An increase in oxidative stress also may result in neuropathy. Hyperglycemia can increase intracellular sorbitol and fructose levels within neuronal tissue, which may lead to the production of harmful free radicals and an alteration of neuronal function.11
Research into treatment strategies for diabetic neuropathy is focusing on PKC--a family of enzymes that play an important role in intracellular signal transduction for hormones and cytokines. Hyperglycemia activates PKC production, which initiates a complex intracellular signaling cascade that affects gene expression and enzymes in many organs and tissues throughout the body. PKC inhibitor drugs, once developed, may suppress the activation of these enzymes and reduce diabetes-related complications.12,13
DEFINITION AND CLASSIFICATION
The common neuropathies associated with both type 1 and type 2 diabetes mellitus can be divided into 2 broad categories: peripheral, which can be subdivided into focal and generalized, and autonomic (Table 1). Generalized neuropathies represent an insidious and progressive process. Peripheral sensory neuropathy can initiate the pathophysiologic pathways that lead to distal extremity ulceration and amputation (Table 2). Autonomic impairments can lead to erectile dysfunction, gastropathy, and cardiovascular complications.
SCREENING AND DIAGNOSIS
Although complex electrophysiologic and autonomic function tests are required to confirm the diagnosis of diabetic neuropathies, routine clinical examination in the primary care office often can be used for screening.
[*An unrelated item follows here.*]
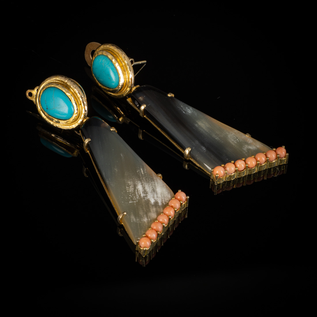 Em prata dourada de 925 cravejada com turquesa, matéria córnea e contas tom coral. Trabalho manual e desmontáveis. Sem marcas, ao abrigo do Decreto-Lei n.º 120/2017. Sinais de uso, ligeiro desgaste no dourado.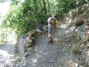 Il sentiero, purtroppo meno agevole e quindi utilizzabile soprattutto a piedi, oggi ripulito e sistemato, si imbocca svoltando a destra lungo la strada campestre che da Giaglione va verso Chiomonte e la Ramat: il percorso è chiaramente segnato dalle frecce bianche e gialle e dall’omino giallo e il primo tratto soprattutto è decisamente in salita, tra boschi e vigne di un tempo.

Because there are no detectable findings in most diabetic patients with mild sensory neuropathy, screening for neuropathy is an important component of routine diabetes care. All patients with newly diagnosed diabetes should be evaluated annually for peripheral neuropathy. Screening at an early stage may forestall progression to more severe, disabling, or irreversible disease.
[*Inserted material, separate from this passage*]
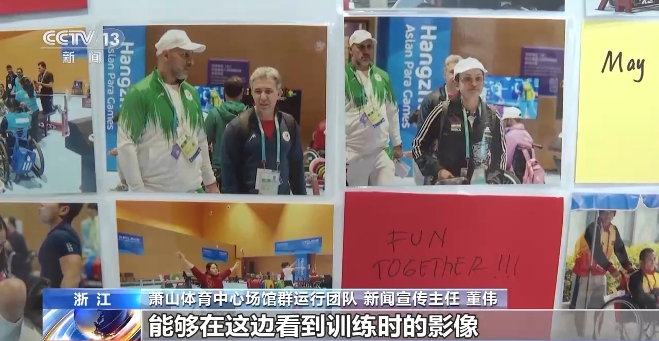杭州蕭山體育中心體育館,是杭州第4屆亞殘運會舉重項目的比賽場館,10月23日,舉重項目已經(jīng)在這里正式開賽。場館的工作人員為了給運動員放松心情,并鼓勵他們比賽,特意制作了一面照片墻。

Inspection of the feet This is mandatory for all diabetic patients at their initial visit and annually thereafter. Dry skin, distended veins, callosity, and multiple deformities (such as clawfoot and prominent metatarsal heads) may suggest Charcot neuroarthropathy. Impaired peripheral sensation and increased pressure on the plantar surface may lead to ulceration. Foot ulceration and amputation are the most common consequences of diabetic neuropathy and are major causes of morbidity and disability (Figure).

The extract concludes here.